Crecí, como muchos otros, con la promesa de que la mayoría de mis acciones, o al
menos las que importaban, eran secretas. Sólo con quien quisiera compartirlas tendría
conocimiento de ellas. Respeto a la privacidad.
Eso terminó hace años. Una vez libres, ahora somos condenados por lo que algún día fue
actuar cotidiano.
Sucedió con la fugacidad de una tormenta. Las nubes se juntaban en el horizonte y no lo
notamos. Tensión acumulada. Periodistas vociferando en la tele, señalándonos como una
plaga que hay que mantener alejada; el inconsciente y cada vez mayor miedo a los
uniformes. Las familias observándonos con disgusto cuando decidimos que nuestro
comportamiento no debía ser escondido y salimos a las calles. La calma se acababa.
La primera vez que hubo una verdadera alerta fue en diciembre, hace tres años. La
noticia hubiese quedado olvidada, pero los eventos sucedieron en una de las zonas más
concurridas de la ciudad.

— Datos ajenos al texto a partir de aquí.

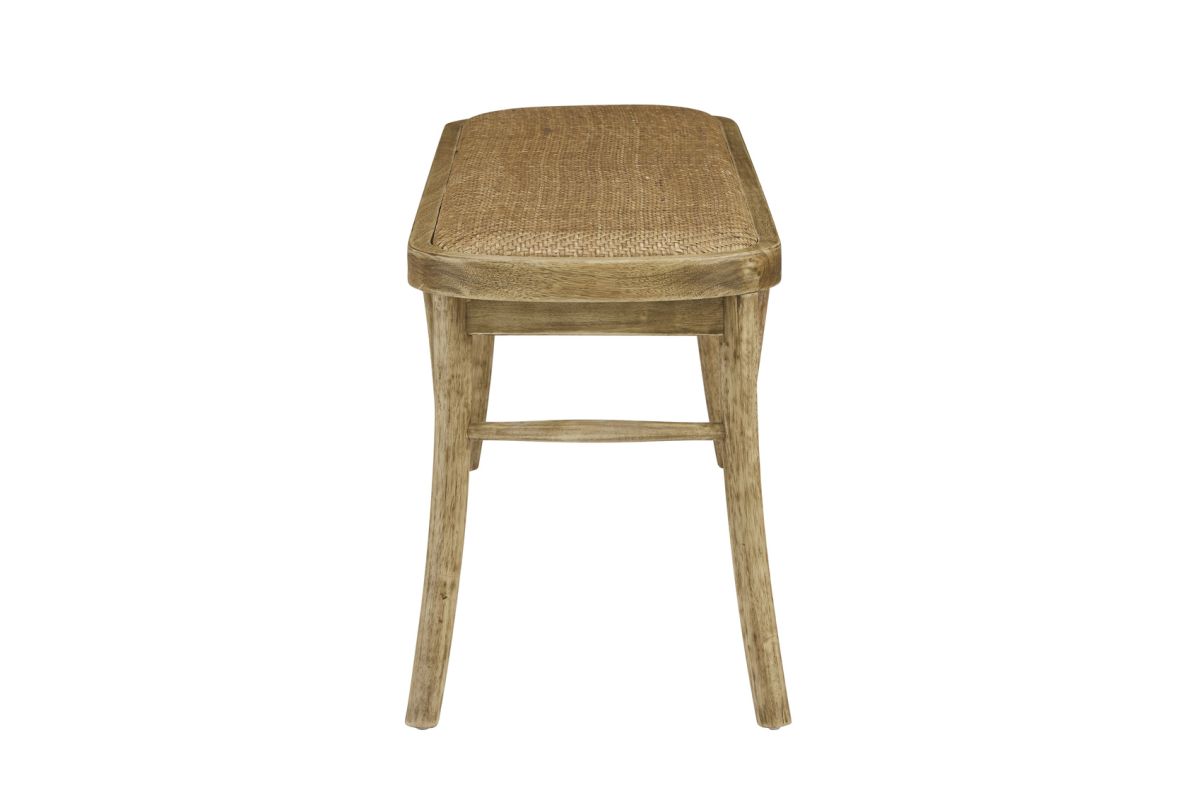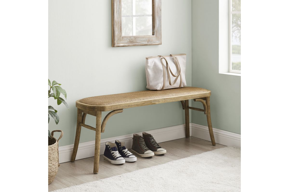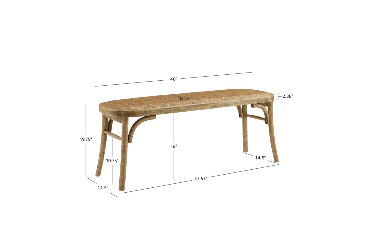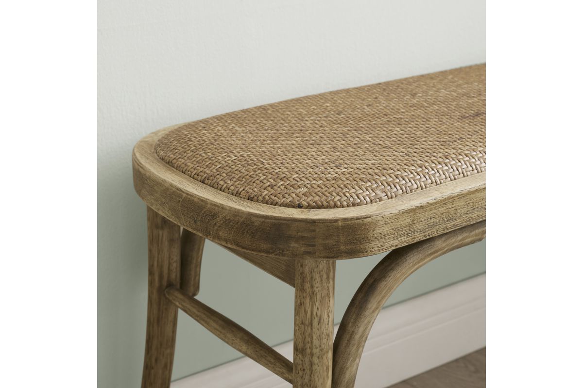 Reveries of the french countryside are guaranteed when you take a seat on this charming backless bench. The bentwood frame in a rustic brown finish leaves the surface with a worn and welcoming appearance bolstered by the natural rattan seat. A subtle cushion offers extra comfort while remaining firm enough to support guests at the dinner table. Sturdy yet lightweight, this piece is easily transportable and will fit wonderfully in your kitchen, living room, entryway or at the foot of a bed.

Pasaba el mediodía, cuando los noticieros mostraron la única
imagen del incidente conseguida hasta el momento. El adoquín negro con arroyuelos de
tornasol vino. La multitud reunida en torno al bulto de carne y ropas, irreconocible,
descansando sobre un muro de mármol gris.
En un principio creímos que era un ladrón o violador más, al que habían linchado
justamente.
No fue hasta que se filtraron declaraciones de los involucrados que el ojo público se
dirigió hacia nosotros. El debate comenzó instantáneamente, en foros, redes sociales y
medios masivos. Quién tenía la razón, si la mayoría, harta de nuestras elecciones, o
nosotros, libres de ejercer nuestros derechos. Hubo manifestaciones, demostraciones
artísticas y la gente escogió bandos.
Los debates terminaron cuando el estado decidió interceder. Una mañana nos
despertamos siendo los perseguidos. Primero quien fuera encontrado in fraganti. El hecho
debía estar demostrado, contra cualquier duda pericial, y la pena eran unos años de
cárcel.
Después comenzaron a revisar los domicilios, pertenencias, y documentos de los
detenidos. Agendas, computadoras, libretas. Comenzaron a sacarnos de nuestras casas y
trabajos, bajo el único fundamento de implicación. Y poco a poco la gente dejó de recibir
noticias de los arrestados.
Poco a poco la cuidad, que antes tenía tanta vida, comenzó a vaciarse.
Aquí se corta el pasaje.